I really don't understand this so I hope you won't mind explaining it. If I would have the type U8ButNotThreeForSomeReason wouldn't that need a check at runtime to make sure you are not assigning 3 to it?

At runtime it depends. If we're using arbitrary outside integers which might be three, we're obliged to check yes, nothing is for free. But perhaps we're mostly or entirely working with numbers we know a priori are never three.

NonZero<T> has a "constructor" named new() which returns Option<NonZero<T>> so that None means nope this value isn't allowed because it's zero. But unwrapping or expecting an Option is constant, so NonZeroI8::new(9).expect("Nine is not zero") will compile and produce a constant that the type system knows isn't zero.

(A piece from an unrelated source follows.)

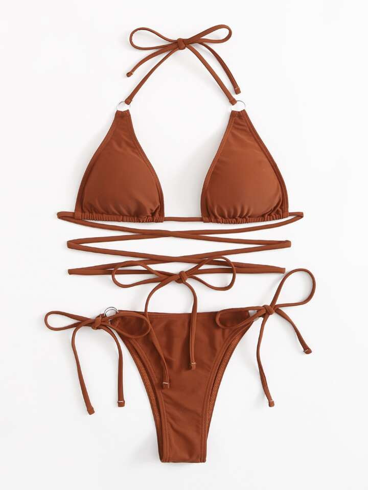 Tie Waist Halter Bikini Set For Summer Beach Vocation

Three in particular does seem like a weird choice, I want Balanced<signed integer> types such as BalancedI8 which is the 8-bit integers including zero, -100 and +100 but crucially not including -128 which is annoying but often not needed. A more general system is envisioned in "Pattern Types". How much more general? Well, I think proponents who want lots of generality need to help deliver that.

Option<U8ButNotThreeForSomeReason> would have a size of 2 bytes (1 for the discriminant, 1 for the value) whereas Option<NonZeroU8> has a size of only 1 byte, thanks to some special sauce in the compiler that you can't use for your own types. This is the only "magic" around NonZero<T> that I know of, though.

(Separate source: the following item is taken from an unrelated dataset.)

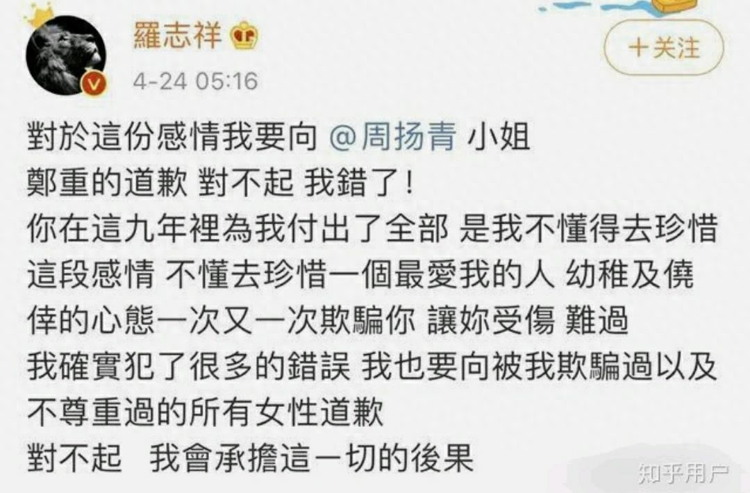 讨罗檄文一出激起微博千层巨浪,在舆论的压力下,罗志祥发文向周扬青道歉:向被我欺骗过以及不尊重过的所有女性道歉。
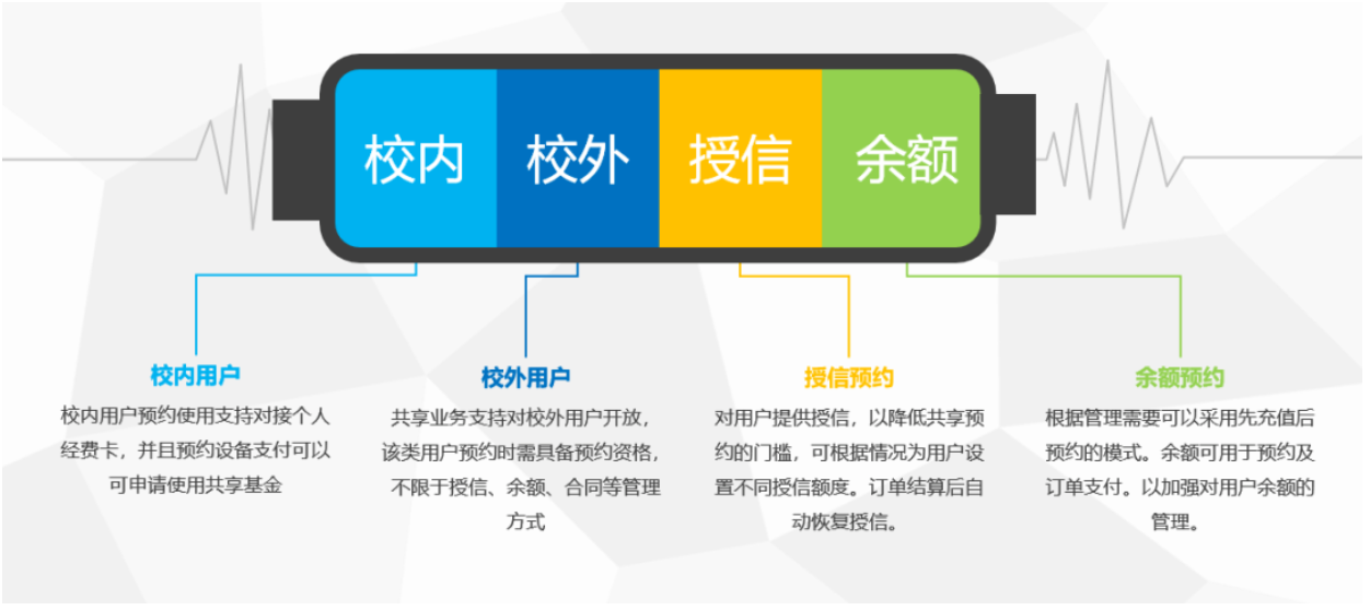 支持对校内及校外用户开放共享,根据高校管理需要可通过授信预约、充值预约等多种经费账户预约管理方式

You can make an enum, with all 255 values spelled out, and then write lots of boilerplate, whereupon Option<U8ButNotThreeForSomeReason> is also a single byte in stable Rust today, no problem.

That's kind of silly for 255 values, and while I suspect it would work clearly not a reasonable design for 16-bits let alone 32-bits where I suspect the compiler will reject this wholesale.

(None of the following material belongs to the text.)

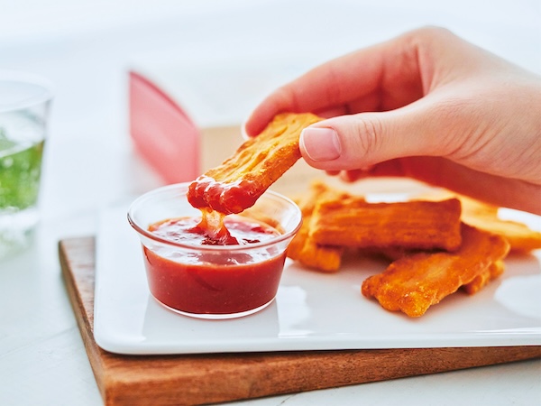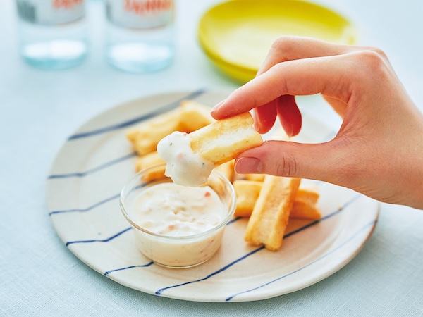 「ディップするおかき」は濃厚なソースにおかきをつけて楽しむ商品。

Another trick you can do, which will also work just fine for bigger types is called the "XOR trick". You store a NonZero<T> but all your adaptor code XORs with your single not-allowed value, in this case 3 and this is fairly cheap on a modern CPU because it's an ALU operation, no memory fetches except that XOR instruction, so often there's no change to bulk instruction throughput. This works because only 3 XOR 3 == 0, other values will all have bits jiggled but remain valid.

Because your type's storage is the same size, you get all the same optimisations and so once again Option<U8ButNotThreeForSomeReason> is a single byte.